ПИСЬМО XXXII
Из Парижа, ноябрь 1732
Пишу вам всего несколько слов, сударыня, потому что сил у меня становится все меньше. Я только что вынуждена была написать довольно длинное деловое письмо, однако не хочется долее откладывать и письмо к вам, дабы скорее уведомить вас о моих делах. Я не сомневаюсь в ваших добрых чувствах ко мне и знаю, что вы стали бы тревожиться, не получая обо мне так долго известий; последние три дня лихорадка моя уменьшилась, и я чуть менее слаба. Я теперь все время лежу в постели, а когда случается встать, то на кушетке. Пью молоко, оно неплохо переваривается. Если в ближайшие две недели мне не будет хуже, Сильва сможет надеяться на благополучный исход. Болезнь меня разоряет, а скупость становится невыносимой.
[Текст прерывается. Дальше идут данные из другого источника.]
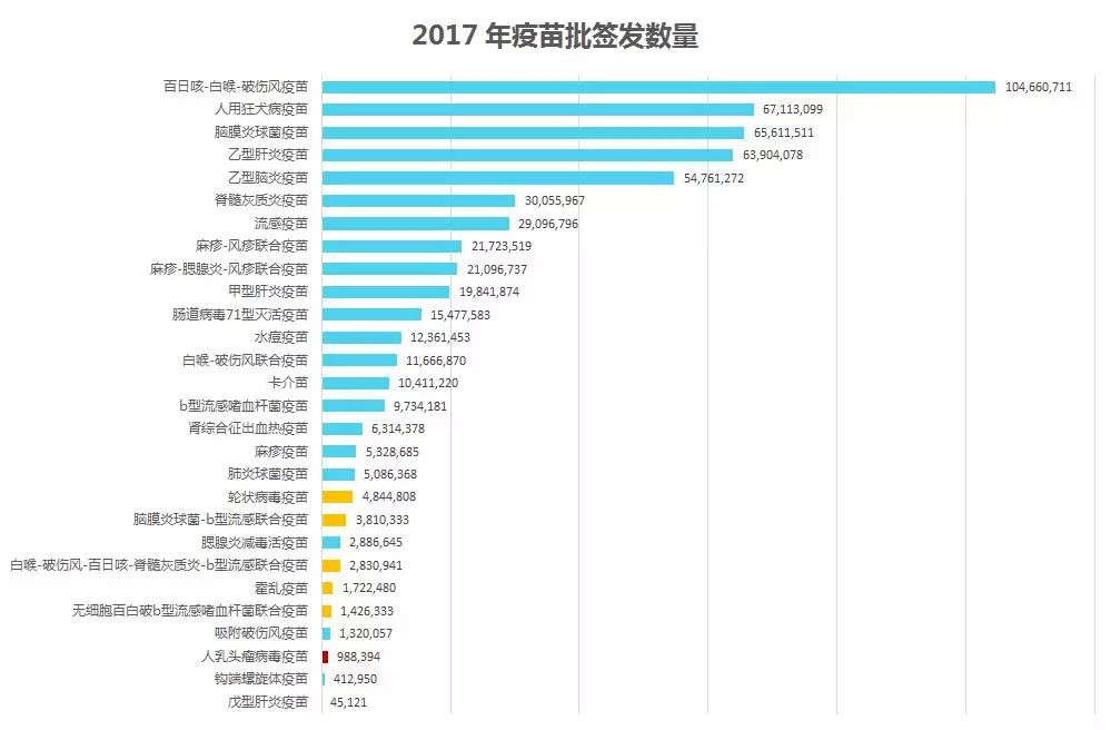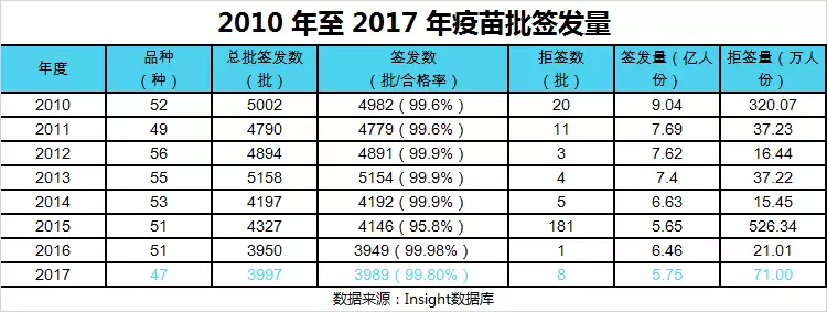 在中檢院和 7 家授權(quán)承擔(dān)生物制品批簽發(fā)的省級藥品檢驗(yàn)機(jī)構(gòu)(北京、上海、廣東、四川、湖北、甘肅和吉林)推進(jìn)下,2017 年,我國共簽發(fā)了 3997 批,共計(jì) 5.76 億份疫苗,涉及到 119 家企業(yè)的 47 個(gè)疫苗品種。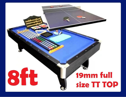 POOL TABLE 8FT SNOOKER BILLIARD TABLE 25mm TABLE TOP - WITH FULL SIZE TABLE TENNIS TOP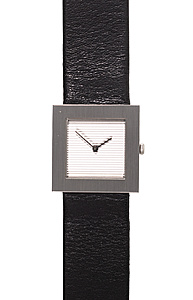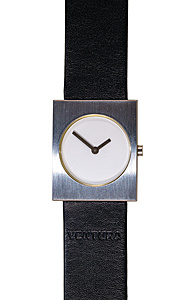 Damen-Armbanduhr, VENTURA 1990er Jahre, UHR 2 by Gunther WERMEKES, Stahl, Quarz, weißes Ziffern.-Blatt, Saphirglas, verschr. Boden, Gehäuse ca. 25,2 x 30,0 mm, H = 4,6 mm, original Lederband mit Dornschließe, mit Schatulle, ungetragen, aus Auflösung !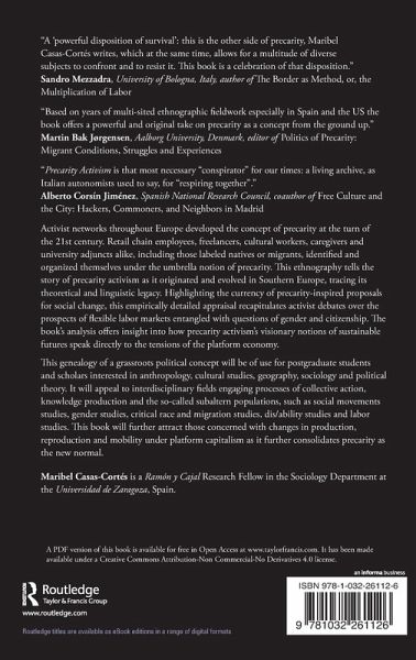 Based on personal involvement and a thorough engagement with their textual and graphic production, this ethnography tells the story of precarity activism as it was born and evolved in Southern Europe, tracing its theoretical legacy.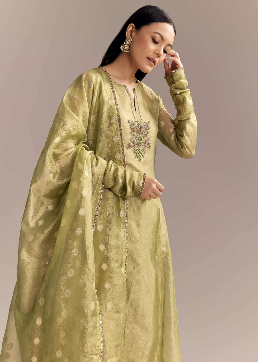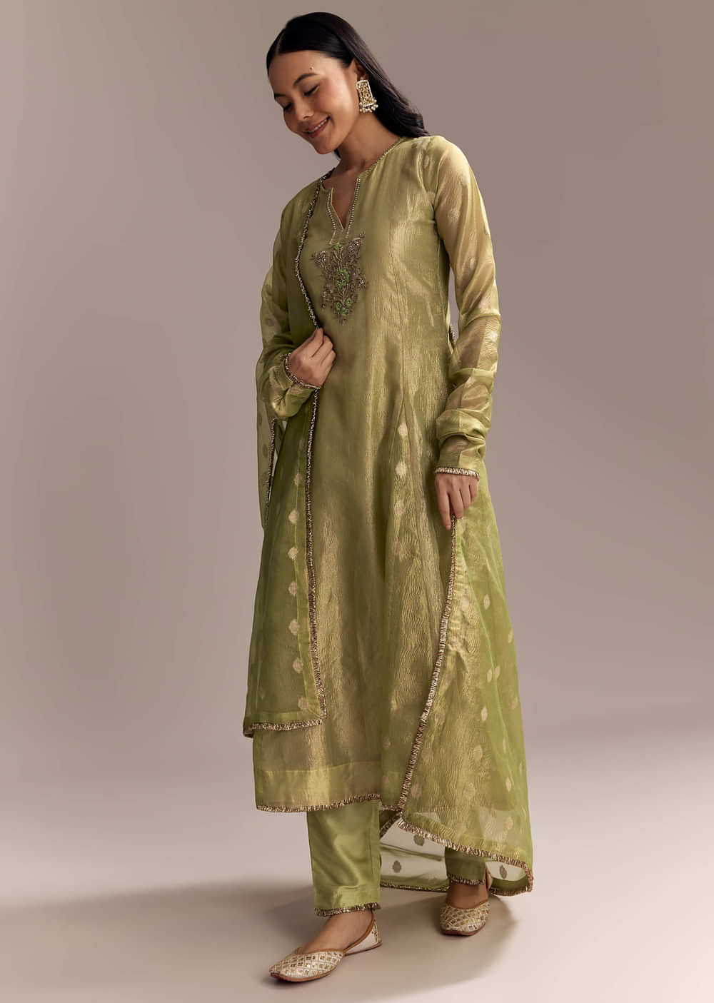 Mehendi Green Tissue Anarkali Suit With Zardosi Work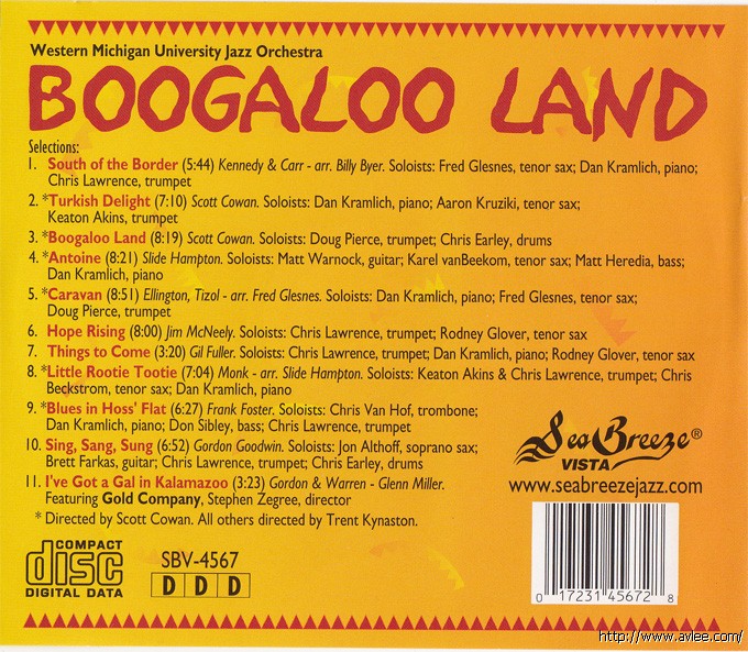 JAZZCD名称:Boogaloo Land 艺术家名称:Western Michigan University Jazz Orchestra 发行公司:SEA BREEZE VISTA 发行编号:SBV-4567 发行日期:2005年 唱片美图:
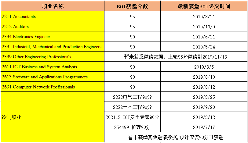 2335工业、机械和生产工程师:2019年5月24日递交的90分获邀,上轮邀请到2019年9月29日的95分。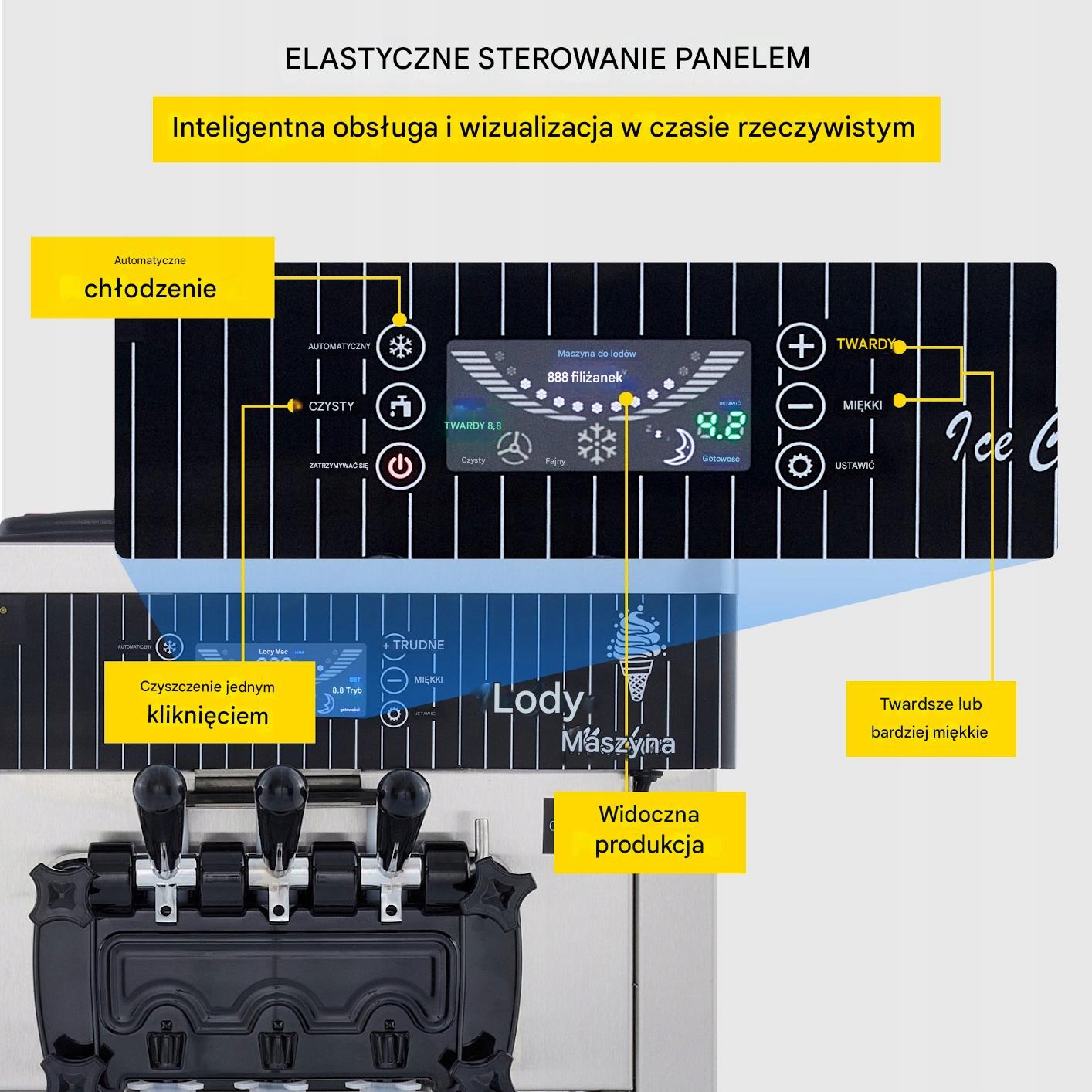 - ✅ Интеллектуальная ЖК -панель: Регулировка твердости, количества и температуры мороженого, самооценка функции.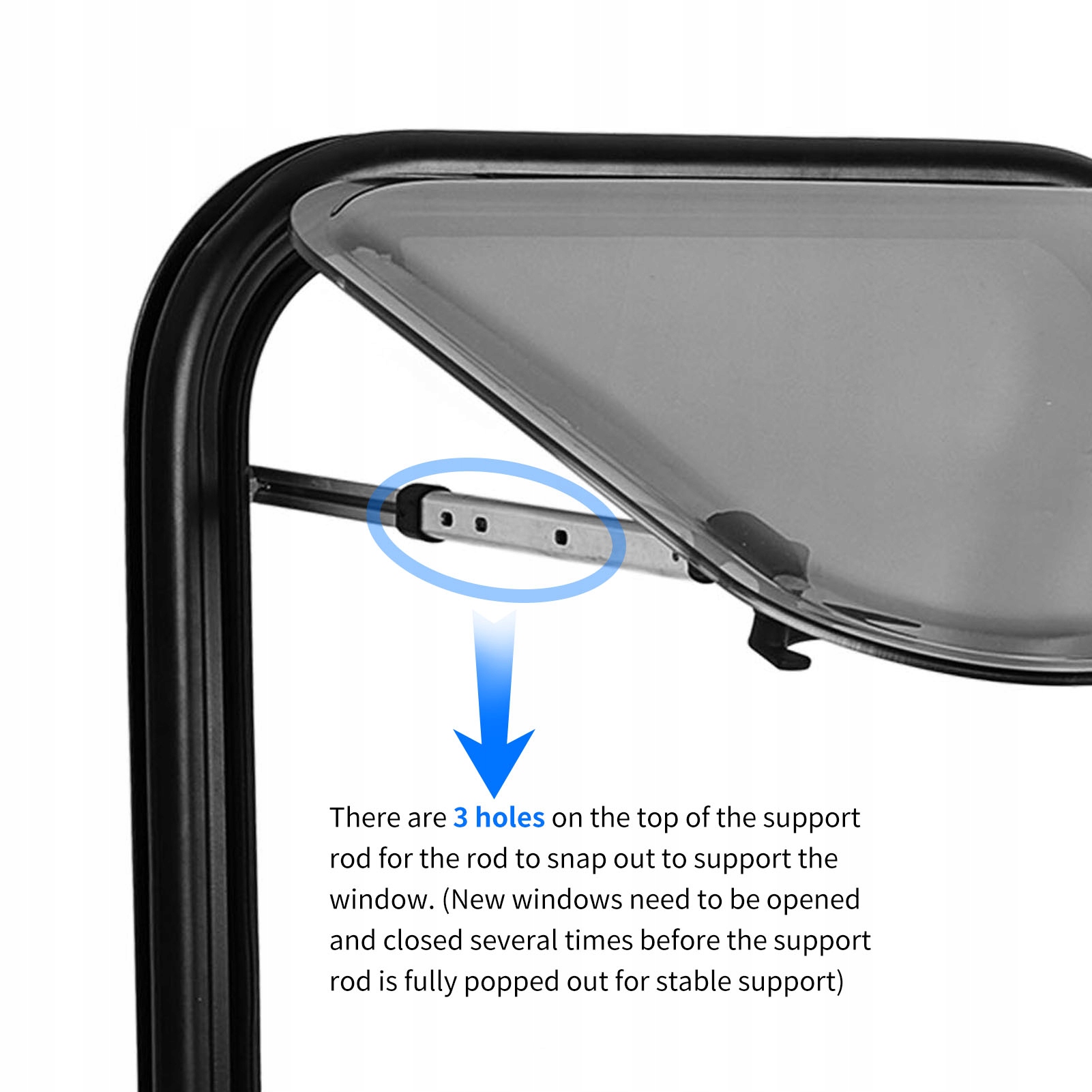 5. Стабильная опора: окно оснащено парой опорных планок из алюминиевого сплава для поддержки оконного проема. В верхней части опорной планки есть 3 отверстия, через которые можно выдвинуть планку для поддержки окна.

Если и дальше так пойдет, мы скоро увидим вторую госпожу Тардье{108}, ту, что шила себе нижние юбки из деловых бумаг, которые приносились ее супругу. Несколько позже я более подробно уведомлю вас о состоянии моей души; надеюсь, вы будете мною довольны. Надобно, однако, сказать, что невозможно описать словами то состояние тревоги и горя, в коем пребывает известное вам лицо, он и вам бы внушил сострадание; решительно все здесь растроганы его поведением и наперебой стараются успокоить его. Он вообразил, что ему удастся спасти мне жизнь ценою щедрых подарков, и теперь всем в доме норовит что-нибудь подарить, даже корове купил сена; одному он дал денег, чтобы тот обучил своего сына ремеслу, другой — на покупку лент и меховой накидки. Он делает подарки каждому встречному и поперечному, он словно помешался на этом. Когда я спросила его, зачем он так поступает, он ответил: «Чтобы заставить их всех заботиться о вас». Он чуть из кожи не вылез, чтобы я взяла у него сто пистолей, обращался к друзьям, чтобы те уговорили меня. В конце концов я вынуждена была их взять, но тут же отдала их одной особе, которая вернет их ему после моей смерти. Разумеется, к этим деньгам я не притронусь — милостыню стану просить, но верну их ему полностью.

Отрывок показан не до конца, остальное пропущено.